HYDERABAD, India — Syed Aziz, a 10-year-old boy from the south Indian city of Hyderabad, is selling bird food on the streets to raise money for his sister’s brain cancer treatment.
Aziz started fundraising for the medicinal expenses of his 12-year sister, Sakeena Begum, who was diagnosed with brain cancer two years back. He has stepped forward to help his family by selling seeds.
Though Aziz has decided to sell bird food, he has not quit his education. Aziz is continuing his education at a local Madarsa in Hyderabad.
“I sell bird food from morning 6 am to 8 am and from 8 am onwards I attend my classes at Madarsa till 5 pm,” Aziz said.
“Sakeena was diagnosed with brain cancer two years back, and since then, the whole family has been going through hardship for her treatment,” said Bilkes Begum, the mother of Aziz and Sakeena.
“We were scared when the doctors told us about her health condition. The doctors suggested that Sakeena should undergo radiotherapy. We have received funds from the Telangana Government, and the whole amount got exhausted in her radiotherapy. Now, we are back to square one in terms of finance for her treatment after spending money on all the medical requirements.”
Aziz was moved by the state of his family and took it upon himself to help.

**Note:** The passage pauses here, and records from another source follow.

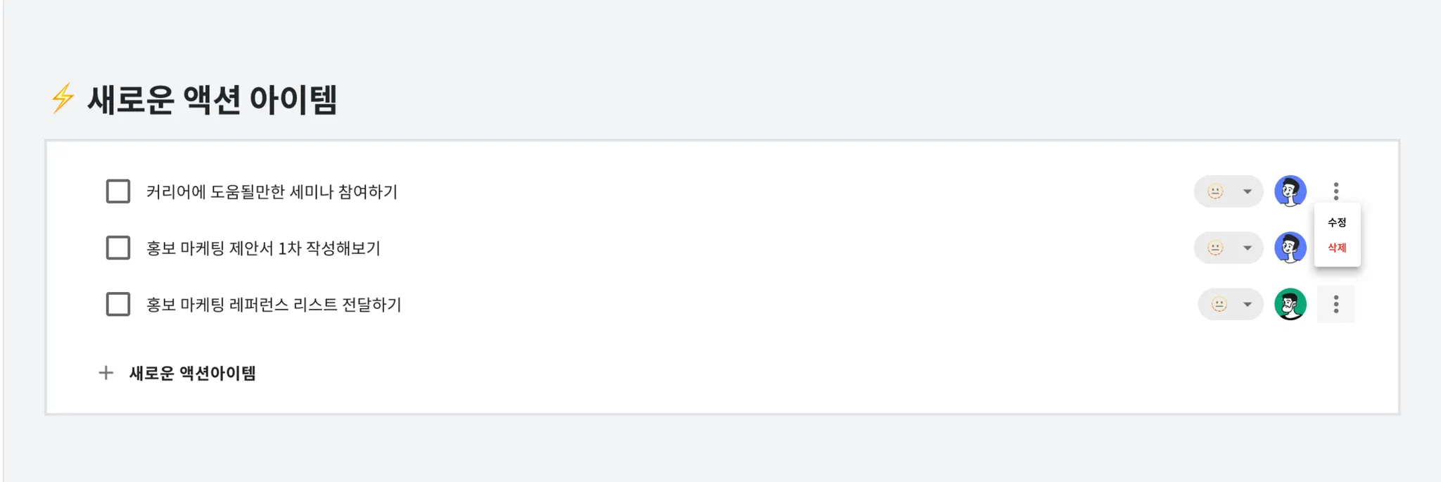 액션아이템 내용 수정은 더보기 (⋮) 를 눌러 수정 / 삭제할 수 있어요.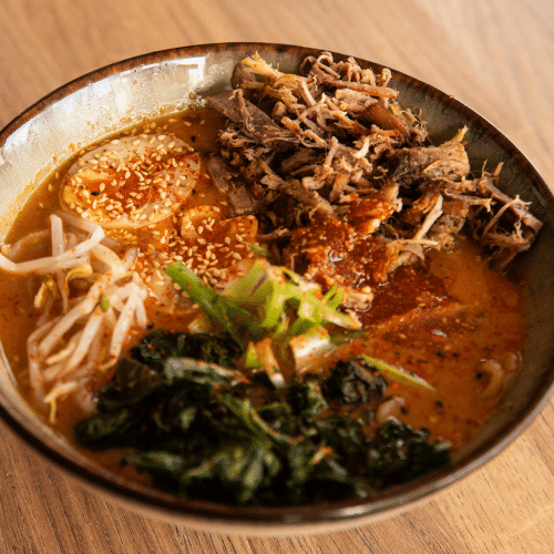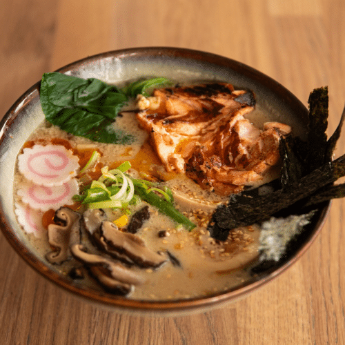 wywar na bazie warzyw, tare miso, pak choi, narutomaki, grzyby shitake, marynowane jajko, dymka, shichimi togarashi, nori, olej smakowy chilli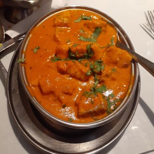 If you like fish I highly recommend ordering the Bombay Fish Curry, which features catfish simmered in garlic, ginger, lemon and spices in a tomato-based sauce. I ordered it through Deliver Me Food and loved it. Unfortunately, they seem to have taken it off the menu. The last time I went I ordered the Butter Salmon Curry, which is similar to Butter Chicken but features salmon in a fresh, creamy tomato & butter sauce. It was quite tasty. My friend ordered the Tandoori Salmon, which was phenomenal. It came on a bed of onions and peppers, which she left but several of us enjoyed.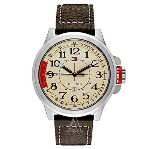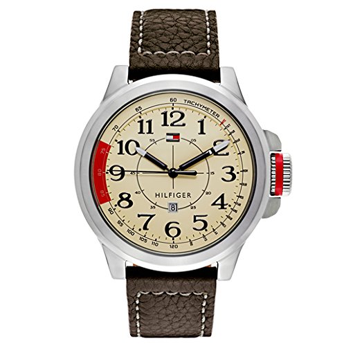 TOMMY HILFIGER 1790844 STAINLESS STEEL SPORT WATCH WITH LEATHER BAND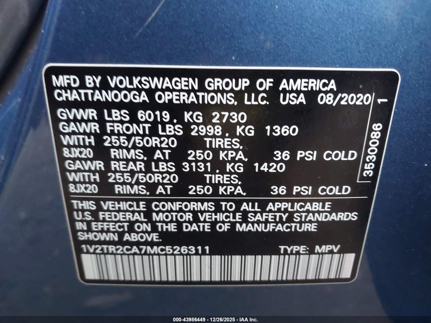 2021 Volkswagen Atlas 3.6L V6 Sel Premium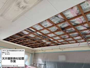天井裏断熱材設置工事② 前回に続き、2校目の天井裏断熱材設置工事を行いました。 断熱材をしっかりと敷き詰めることで、夏の暑さ・冬の寒さをやわらげる効果が期待できます。 また冷暖房効率も向上し、省エネや光熱費削減にもつながります! 学校という多くの方が利用される建物では、快適な環境づくりがとても大切です。 施工前 養生・撤去作業 断熱材設置前 断熱材設置作業 天井材取付作業 天井塗装工事 工事完了 使用材料 住宅・教育施設をはじめとした建築物に幅広く使用されている高性能グラスウール断熱材「マットエース」を採用いたしました。 工事完了 杉本建装工業では、外壁や屋根の塗装だけでなく、今回のような断熱工事や改修工事にも幅広く対応しています! 建物の使い方や環境に合わせてご提案し、丁寧な施工で快適な空間づくりをお手伝いさせていただきます。 これからも、地域のみなさまに「頼んでよかった」と思っていただけるように、一つひとつの工事に真心を込めて取り組んでまいります。 〒593-8312 大阪府堺市西区草部818-3 外壁修繕の窓口:株式会社 杉本建装工業 TEL:0120-71-7716 営業時間 9:00~18:00 (年中無休) 戸建・マンション・アパートの塗装はもちろん、 リフォーム・雨漏り・ベランダ防水・屋上防水・屋根・壁など お困り事がございましたらどんなことでもお気軽にご相談下さい。 <大阪府全域エリア対象> 大阪市・堺市・和泉市・高石市・岸和田市 泉南市・貝塚市・泉佐野市・阪南市・松原市 羽曳野市・藤井寺市・富田林市・大阪狭山市・河内長野市 東大阪市・八尾市・柏原市、全域対象 2025年9月22日 更新
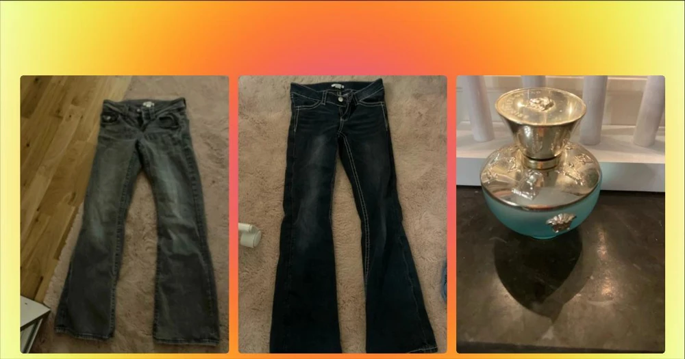 Jeans  - Blå jeans, midwaist skulle jag säga. (Säljer även tröjan i annan artikel.

“That is when my son decided to help us out,” the mother said.
“He said that he would be selling the bird food along with me and had set a separate bench for selling bird food on roads.”
She said that the income they both earn by selling bird food was just enough to look after her medicines and diagnosis expenditure, including MRI, X-ray, and blood tests. She appealed to people to come forward and help them in saving her daughter.
Syed Lateef, the father of Aziz, paints houses for his living.
The parents of Sakeena Begum and his brother Syed Aziz requested people to help them save her life.
Between five and 10 people per 100,000 in India in an increasing trend develop central nervous system tumors, as per 2019 government data. Brain cancer and central nervous system tumors are the second most common cancer in children in India, accounting for about 26 percent of childhood cancers.
India is among the few developing countries with a National Cancer Control Programme, launched way back in 1976 and revised every decade until the 2000s.